## [ASSIGNMENT]
The lines below from the one with "Mos Moshin kivat" up to and including the one with "Hex #bb8492 Color" are what you should set down, exactly and without pictures.

## [STORED DATA]
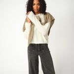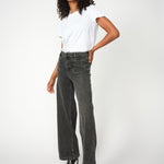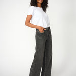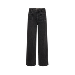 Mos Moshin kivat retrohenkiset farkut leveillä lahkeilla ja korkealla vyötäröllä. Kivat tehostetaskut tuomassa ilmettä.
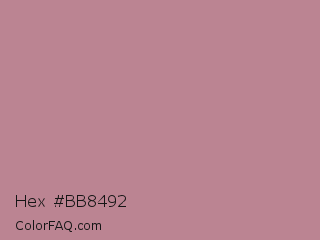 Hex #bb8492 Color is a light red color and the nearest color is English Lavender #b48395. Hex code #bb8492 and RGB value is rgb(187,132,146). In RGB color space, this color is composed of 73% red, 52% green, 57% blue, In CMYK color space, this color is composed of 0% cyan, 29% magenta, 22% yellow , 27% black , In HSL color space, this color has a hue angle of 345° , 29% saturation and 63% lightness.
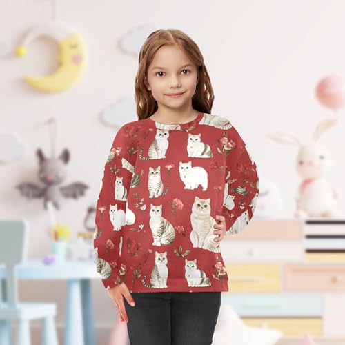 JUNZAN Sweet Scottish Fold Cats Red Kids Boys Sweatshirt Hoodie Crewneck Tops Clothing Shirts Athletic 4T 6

--

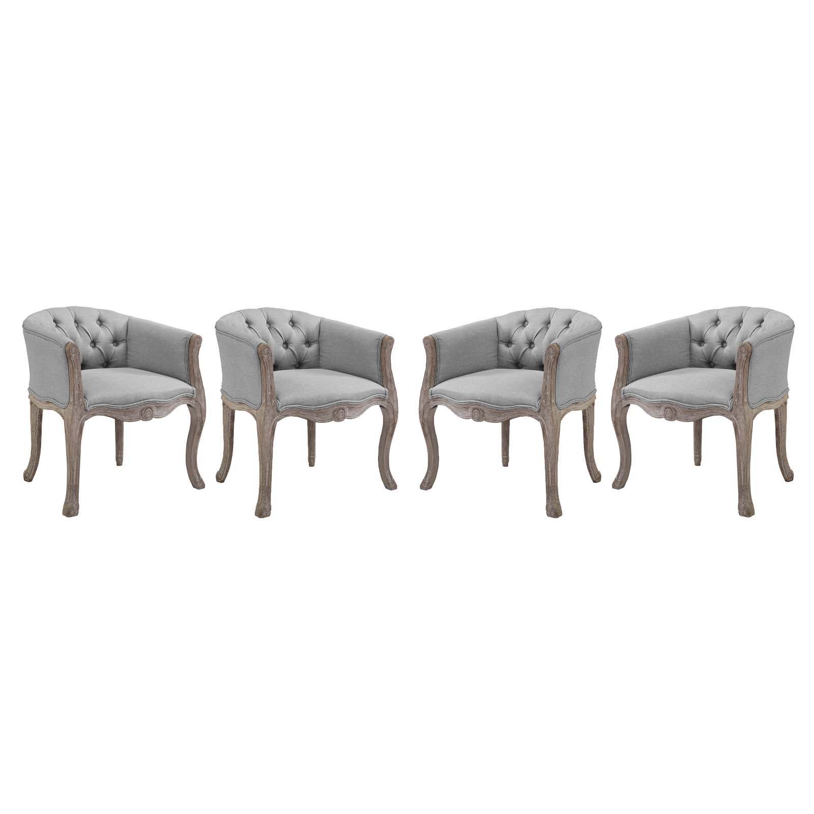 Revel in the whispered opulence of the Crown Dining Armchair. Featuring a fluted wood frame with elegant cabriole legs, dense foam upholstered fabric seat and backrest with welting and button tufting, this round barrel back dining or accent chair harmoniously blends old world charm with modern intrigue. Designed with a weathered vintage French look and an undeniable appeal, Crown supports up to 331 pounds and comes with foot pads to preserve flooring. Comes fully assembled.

## [TASK SOLUTION]
 Mos Moshin kivat retrohenkiset farkut leveillä lahkeilla ja korkealla vyötäröllä. Kivat tehostetaskut tuomassa ilmettä.
 Hex #bb8492 Color is a light red color and the nearest color is English Lavender #b48395. Hex code #bb8492 and RGB value is rgb(187,132,146). In RGB color space, this color is composed of 73% red, 52% green, 57% blue, In CMYK color space, this color is composed of 0% cyan, 29% magenta, 22% yellow , 27% black , In HSL color space, this color has a hue angle of 345° , 29% saturation and 63% lightness.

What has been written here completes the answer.